North America’s shale boom is paralleled by the record pace of pipeline construction and now, a long pipeline of projects await a final investment decision. Pipeline Bubble, produced by Global Energy Monitor, now calculates that capital spending on proposed North American pipelines will reach $232.5 billion and raise global pipeline capacity by a third.

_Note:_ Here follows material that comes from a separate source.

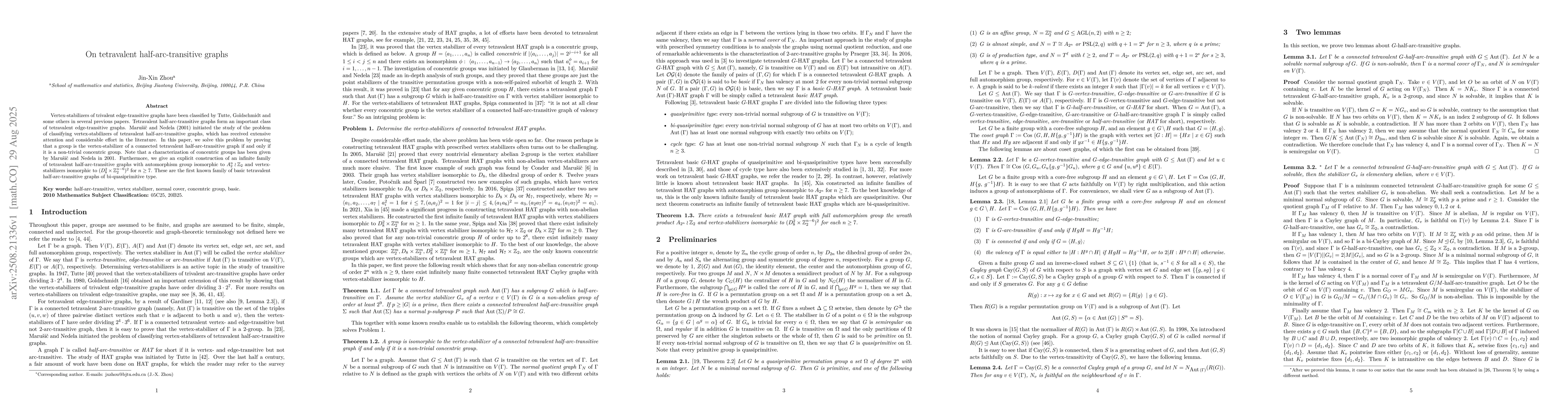 Vertex-stabilizers of trivalent edge-transitive graphs have been classified by Tutte, Goldschmidt and some others in several previous papers. Tetravalent half-arc-transitive graphs form an important class of tetravalent edge-transitive graphs. Maru\v{s}i\v{c} and Nedela (2001) initiated the study of the problem of classifying vertex-stabilizers of tetravalent half-arc-transitive graphs, which has received extensive attention and considerable effort in the literature. In this paper, we solve this problem by proving that a group is the vertex-stabilizer of a connected tetravalent half-arc-transitive graph if and only if it is a non-trivial concentric group. Note that a characterization of concentric groups has been given by Maru\v{s}i\v{c} and Nedela in 2001. Furthermore, we give an explicit construction of an infinite family of tetravalent half-arc-transitive graphs with automorphism group isomorphic to $A_{2^n}\wr \mathbb{Z}_2$ and vertex-stabilizers isomorphic to $(D_8^2\times\mathbb{Z}_{2}^{n-6})^2$ for $n\geq7$. These are the first known family of basic tetravalent half-arc-transitive graphs of bi-quasiprimitive type.

Pipelines have an operational life of at least 50 years and investors are betting on higher volumes of domestic oil and gas output both for local consumption and for export, as the world’s demand for energy, led by India and China, is forecast to rise by a third by 2040. According to the EIA Annual Energy Outlook 2019 reference case, U.S. natural gas output is expected to rise 36 percent to 43.4 trillion cubic feet by 2050. Crude oil is set for annual records through to the mid- 2020s and remains greater than 14 million barrels a day until 2040. Also, Natural gas plant liquids production is set to reach 6.0 million barrels a day by 2030. Projections of supply and demand appear to favor a boom in pipeline construction and underpins the fact that gas pipe projects outnumber oil, four to one.
Domestic market drivers
The power sector as a major gas customer will see the share of natural gas rise from 35.1 percent today to 39 percent in 2050 to satisfy rising demand and feed the rise in new gas peaking plants, which will be needed to provide base load and back-up for the anticipated rise in renewable energy.